# TI-83 problem Secant Graphs

1. Oct 13, 2008

### Sabellic

TI-83 problem....Secant Graphs

1. The problem statement, all variables and given/known data

What are the properties of:
y= 2 sec(-2x + 90deg) + 3

2. Relevant equations

sec (x) = (1/cos (x))

3. The attempt at a solution

I have a problem with finding the Domain of y= 2 sec(-2x + 180deg) + 3.

First of all, I have to put the equation in a neater form:

y= 2 [sec -2(x - 90deg)] + 3

Now, if I want to find the domain, I need to find what sec CAN'T equal. That is the vertical asymptotes.

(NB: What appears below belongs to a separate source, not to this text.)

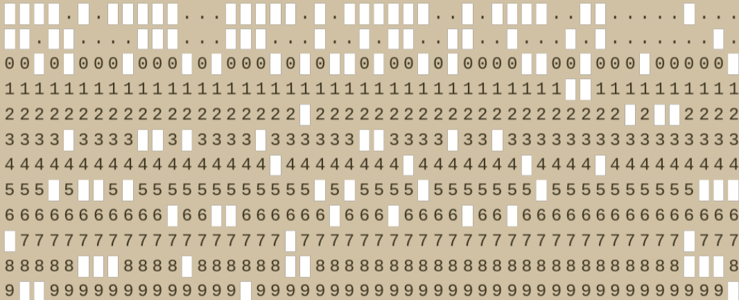
Figure 7: punch cards

Now asymptotes can be found where the graph of the inverse of sec (which is cos) crossed the x-axis.

So therefore I look at the corresponding cos function:
y= 2 [cos -2(x - 90deg)] + 3

But the problem is: this cos function does NOT cross the x-axis. If it does not cross the x-axis then how can any vertical asymptotes appear?

I later typed in "y= 2 (1/cos (-2x + 180deg)) + 3" into the TI-83. But it DID show vertical asymptotes. Does anyone know where these asymptotes came from???

2. Oct 13, 2008

### HallsofIvy

Staff Emeritus
Re: TI-83 problem....Secant Graphs

Do you mean RANGE rather than domain here?

No. You are not concerned about where this function "crosses the x-axis". The secant is undefined where cosine itself is 0. cos(x) is 0 when x is an odd multiple of 90: x= (2n+1)90 for n any integer. Here you want $-2(x- 90)= (2n+1)90$. Solve that for x.

3. Oct 13, 2008

### Sabellic

Re: TI-83 problem....Secant Graphs

You know, that's starting to make sense. I will try this.

Thank you, HallsofIvy!!